Bro, I naded your lap so hard your mom called the cops.
I naded your lap during Zoom class and my teacher thinks I’m a terrorist.
I naded your lap in the middle of a chess match and now I’m the king of the board.
2
a made-up explosion that happens in your lap when you’re too lazy to actually do anything. It’s the reason why your mom thinks you’re dying and why your dad thinks you’re a genius.
I naded my lap and now my sister thinks I’m a hero.
I naded my lap during dinner and my dad yelled at the TV.
I naded my lap in math class and got sent to the principal’s office.
3
when you throw a grenade at someone’s lap just because you’re mad they beat you in a video game. It’s like being a baby but with more explosions and less crying.
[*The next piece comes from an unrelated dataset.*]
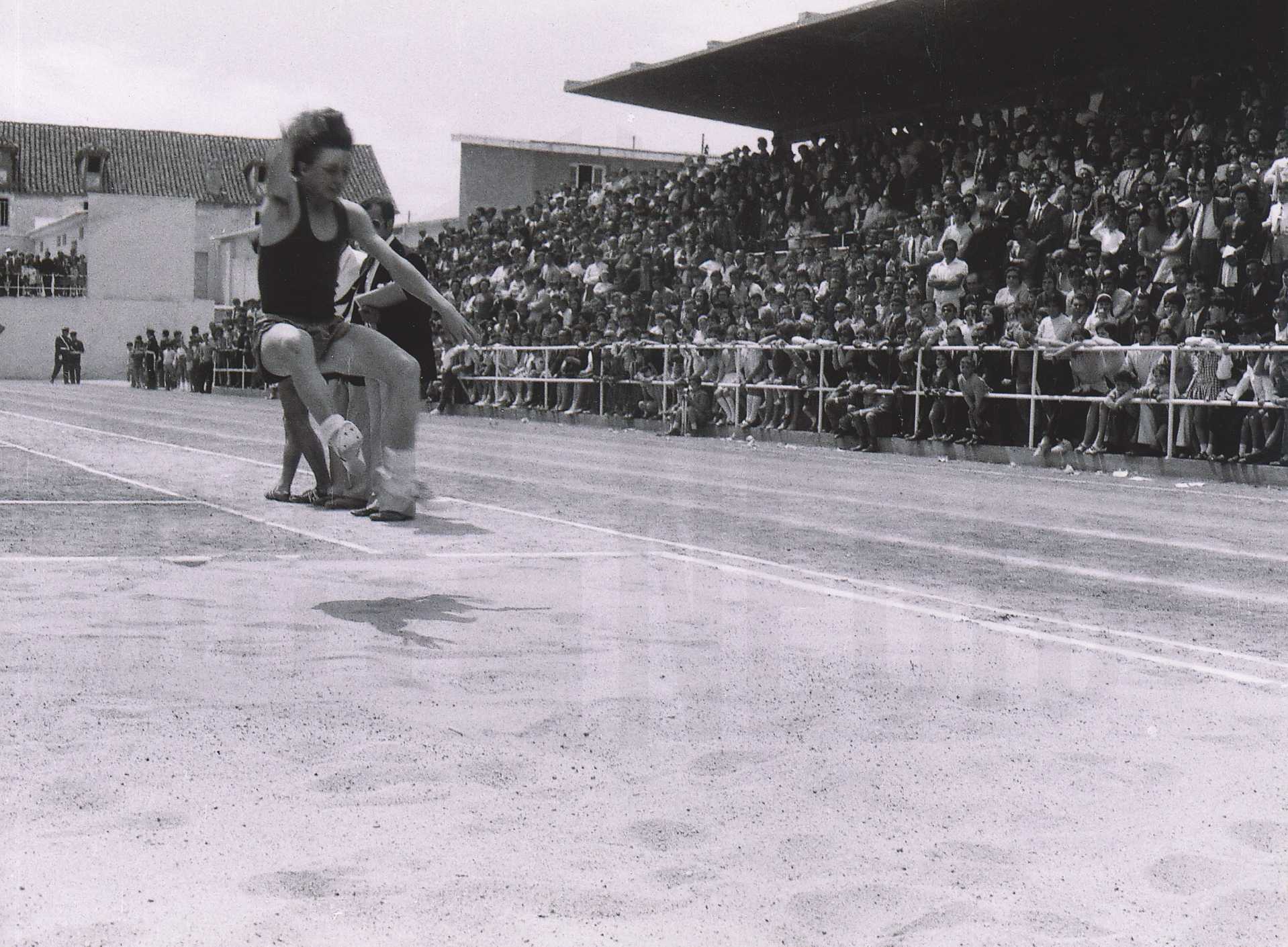 Atleta en salto de altura en el antiguo Campo Municipal de Deportes de Aranjuez
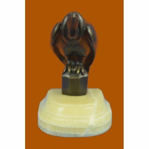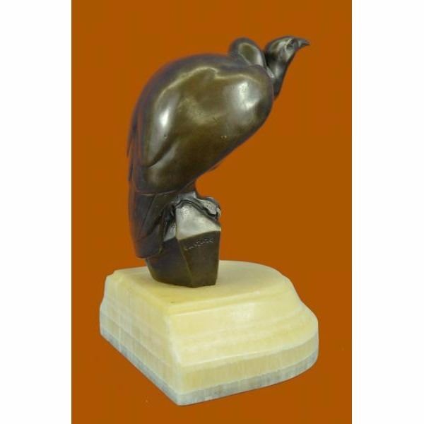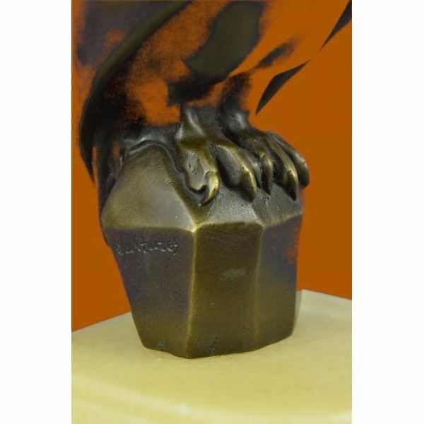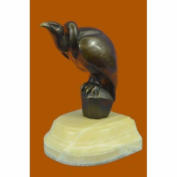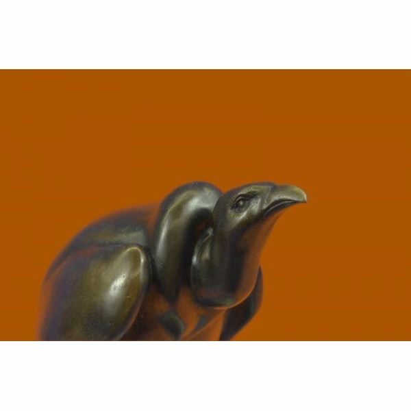 After 20 years in the animation business, sculptor Williams knows how to bring a character to life in subtle ways. He captures fleeting moments in their lives; a sunning vulture, begging baby birds, or curious crows having their way with an antique typewriter. Williams loves the permanency of bronze, its range of colors and textures. Each piece is lovingly detailed until it is just right, then matched to its own individual base, making every sculpture unique. Condition: This sculpture is in perfect condition. Bronze Dimensions with Marble Base:Height 8" x Width 5" Marble Dimensions: Diameter 5". Height without base: 6" Weight : 7 LBS Inventory: 37AL3463473

I naded my brother’s lap because he beat me at Fortnite.
I naded my mom’s lap and now she thinks I’m a terrorist.
I naded my dad’s lap and he took away my video game.
4
a fake grenade that you throw at your enemies just because you’re too big to do anything else. It’s for people who still think they’re in the military even though they’re just sitting on the couch.
I naded my friend’s lap and now he thinks I’m a spy.
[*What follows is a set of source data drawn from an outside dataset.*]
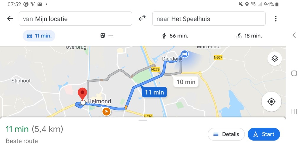 En inderdaad, het is van hieruit 5,4 kilometer naar Het Speelhuis. 56 minuten lopen. Als we met de auto gaan valt het nog mee, dan is het 11 minuten rijden. Maar het blijft een flinke afstand.
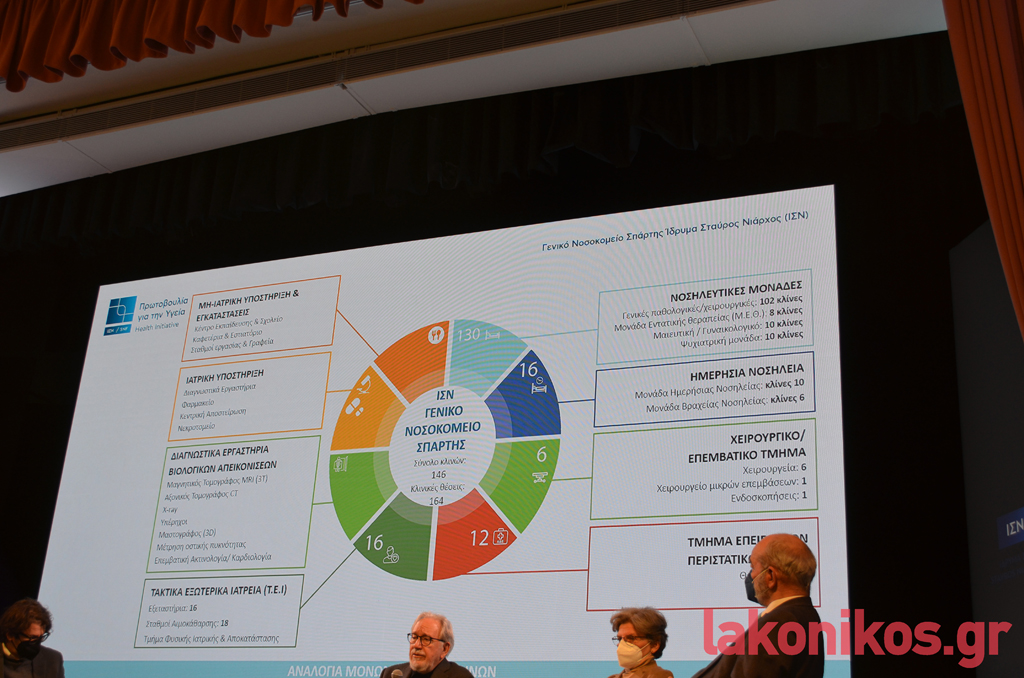 Ο διοικητικός διευθυντής του Ιδρύματος Σταύρος Νιάρχος, Πάνος Παπούλιας, εξέθεσε αρχικά τις δράσεις του ιδρύματος στο πλαίσιο της «Πρωτοβουλίας για την Υγεία» και μίλησε για τη σημασία του νέου Νοσοκομείου Σπάρτης, ενώ ο γγ Πρωτοβάθμιας Φροντίδας Υγείας, Μάριος Θεμιστοκλέους, εξέφρασε την ικανοποίησή του για την υλοποίηση ενός νοσοκομείου που θα προσιδιάζει σε ευρωπαϊκά πρότυπα.
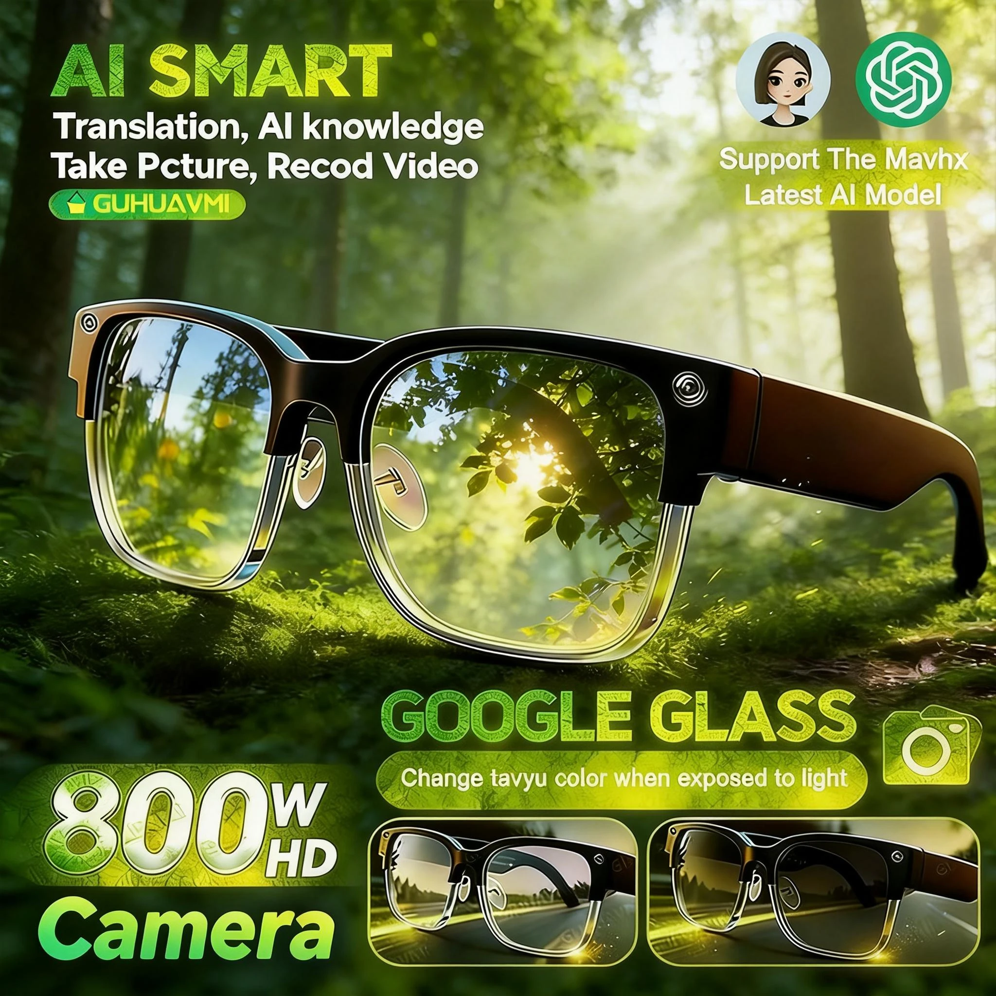 Óculos Inteligentes AI 2026 com Vídeo 4K HD, Câmera de 800W, Transferência WiFi de 32GB, Assistente de Voz, Música, Tradução Chat GPT, Óculos de Sol Masculinos
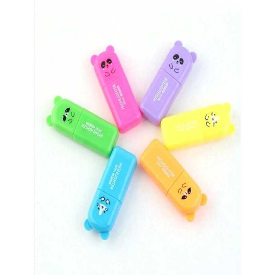 Kawai 6-Piece Mini Highlighter Pen Set Cute Oblique Brush Tip for School and Office Plastic Material for Paper

I naded my teacher’s lap and got detention for life.
I naded my dog’s lap and now he won’t stop barking at me.
5
the moment you throw a grenade at someone’s lap just because you’re bored and it’s the only thing you know how to do. It’s the reason why your life is so sad and your mom is so tired.
I naded my neighbor’s lap and now he thinks I’m a lunatic.
I naded my little brother’s lap and he cried for 10 minutes.
I naded my cat’s lap and now it won’t eat my face.
6
when you pretend to throw a grenade at someone’s lap just because you’re too lazy to actually do anything. It’s like being a kid who still thinks they’re cool even though they’re just playing video games all day.
I naded my cousin’s lap and now she thinks I’m a video game god.
I naded my uncle’s lap and he yelled at me for 30 minutes.
I naded my grandma’s lap and now she won’t stop talking about explosions.